AIM OF THE TASK: Word for word, copy out the data below, omitting pictures.

:: GIVEN DATA

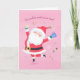 Con un suave fondo rosa, Santa baila de alegría rodeada de fiestas de temporada.
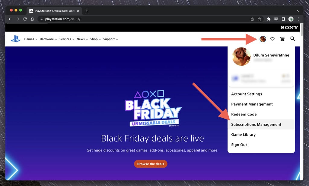 Sadece oturum açPlaystation.comPSN kimlik bilgilerinizle. Hesap iki faktörlü kimlik doğrulama gerektiriyorsa, telefonunuzda aldığınız kodu girerek bunun sizin olduğunu doğrulamanız gerekir. Ardından, ekranın sol üst köşesindeki profil portrenizi seçin ve seçinAbonelik yönetimi.
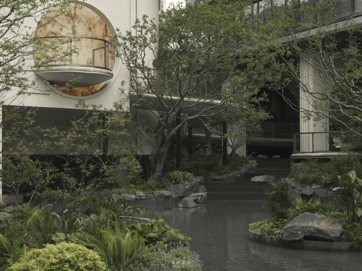 项目倾注心力打造景观园林艺术,秉持“玉湖承韵”的设计理念,运用同心球技艺,巧妙地将姑苏风光融入现代居住环境,形成连贯的归家路径,步移景异,美不胜收。
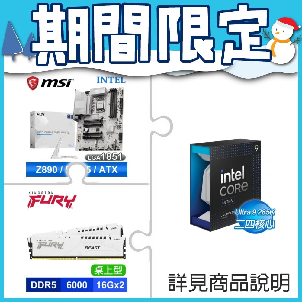 ☆期間限定★ Intel Core Ultra 9 285K+微星 PRO Z890-S WIFI WHITE D5 ATX主機板+金士頓 獸獵者 D5 6000 16G*2 CL30 白 記憶體 ★送酷碼 EliteLiquid 360 ARGB 水冷散熱器
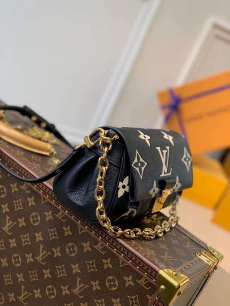 The Favorite is a fashionable baguette shoulder bag made from supple grained leather with an oversized embossed Monogram pattern. Feminine pleats bring a couture touch while the gold-color magnetic lock evokes Louis Vuitton’s heritage. A removable and adjustable strap enables short-shoulder carry or cross-body wear while a bold detachable gold-color chain allows more glamorous evening use.
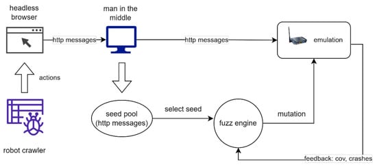 The state-of-the-art fuzzing architecture for embedded web interface [19,20,46] is shown in Figure 2. A middle man is set up between the headless browser and the server. The man in the middle can be implemented by using network proxy tools like w13scan or mitmproxy. The headless browser requests web pages from the server, while a robot crawler is responsible for crawling and manipulating the web pages to trigger network traffic. Meanwhile, the man in the middle collects the network messages as initial fuzzing seeds. After initial fuzzing seeds are collected, a fuzzing engine mutates the seeds to generate malformed messages (test cases) and sends them to the DUT. Meanwhile, it monitors the crashes to report Buffer Overflow (BO) vulnerabilities and gathers coverage information as feedback to direct the next round of mutations. CI vulnerability is detected by injecting certain command strings, e.g., touch filename, and checking if the command is executed, e.g., the specified file is created. The XSS vulnerability is detected similarly by examining logs to check whether the injected JavaScript codes are executed.
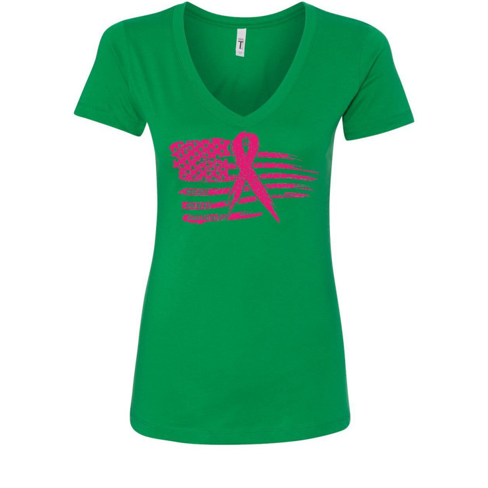 PINK RIBBON AMERICAN FLAG pink ribbon flag women's v-neck t-shirt breast cancer awareness hope survivor green
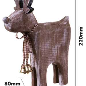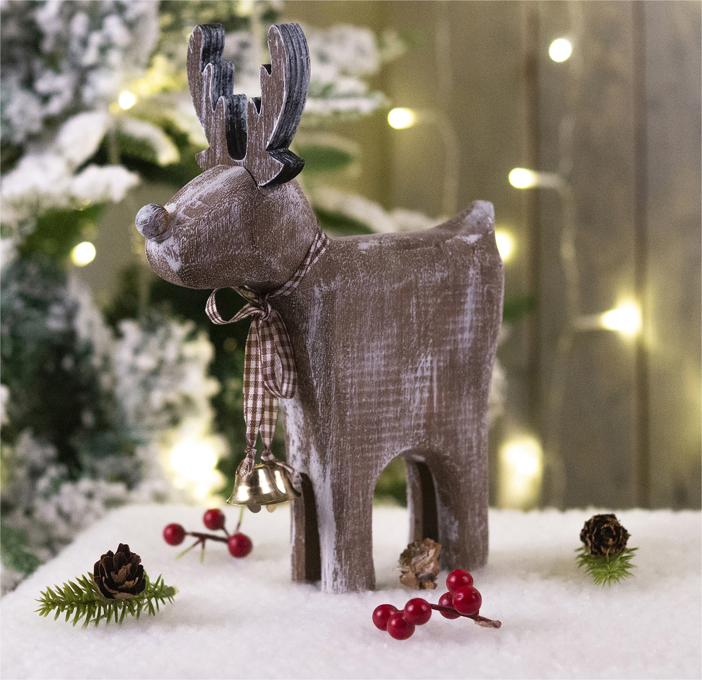 Create a sense of style this Christmas with our wooden reindeer decoration, the distressed finish gives it a rustic yet on trend look. The reindeer would be perfect placed on window ledges or coffee tables, in fact anywhere you want to create a wonderfully festive atmosphere. The reindeer is dressed for the occasion with a very jaunty brown check collar topped with Christmas bells.

::::

SOLUTION TO THIS EXERCISE:
 Con un suave fondo rosa, Santa baila de alegría rodeada de fiestas de temporada.
 Sadece oturum açPlaystation.comPSN kimlik bilgilerinizle. Hesap iki faktörlü kimlik doğrulama gerektiriyorsa, telefonunuzda aldığınız kodu girerek bunun sizin olduğunu doğrulamanız gerekir. Ardından, ekranın sol üst köşesindeki profil portrenizi seçin ve seçinAbonelik yönetimi.
 项目倾注心力打造景观园林艺术,秉持“玉湖承韵”的设计理念,运用同心球技艺,巧妙地将姑苏风光融入现代居住环境,形成连贯的归家路径,步移景异,美不胜收。
 ☆期間限定★ Intel Core Ultra 9 285K+微星 PRO Z890-S WIFI WHITE D5 ATX主機板+金士頓 獸獵者 D5 6000 16G*2 CL30 白 記憶體 ★送酷碼 EliteLiquid 360 ARGB 水冷散熱器
 The Favorite is a fashionable baguette shoulder bag made from supple grained leather with an oversized embossed Monogram pattern. Feminine pleats bring a couture touch while the gold-color magnetic lock evokes Louis Vuitton’s heritage. A removable and adjustable strap enables short-shoulder carry or cross-body wear while a bold detachable gold-color chain allows more glamorous evening use.
 The state-of-the-art fuzzing architecture for embedded web interface [19,20,46] is shown in Figure 2. A middle man is set up between the headless browser and the server. The man in the middle can be implemented by using network proxy tools like w13scan or mitmproxy. The headless browser requests web pages from the server, while a robot crawler is responsible for crawling and manipulating the web pages to trigger network traffic. Meanwhile, the man in the middle collects the network messages as initial fuzzing seeds. After initial fuzzing seeds are collected, a fuzzing engine mutates the seeds to generate malformed messages (test cases) and sends them to the DUT. Meanwhile, it monitors the crashes to report Buffer Overflow (BO) vulnerabilities and gathers coverage information as feedback to direct the next round of mutations. CI vulnerability is detected by injecting certain command strings, e.g., touch filename, and checking if the command is executed, e.g., the specified file is created. The XSS vulnerability is detected similarly by examining logs to check whether the injected JavaScript codes are executed.
 PINK RIBBON AMERICAN FLAG pink ribbon flag women's v-neck t-shirt breast cancer awareness hope survivor green
 Create a sense of style this Christmas with our wooden reindeer decoration, the distressed finish gives it a rustic yet on trend look. The reindeer would be perfect placed on window ledges or coffee tables, in fact anywhere you want to create a wonderfully festive atmosphere. The reindeer is dressed for the occasion with a very jaunty brown check collar topped with Christmas bells.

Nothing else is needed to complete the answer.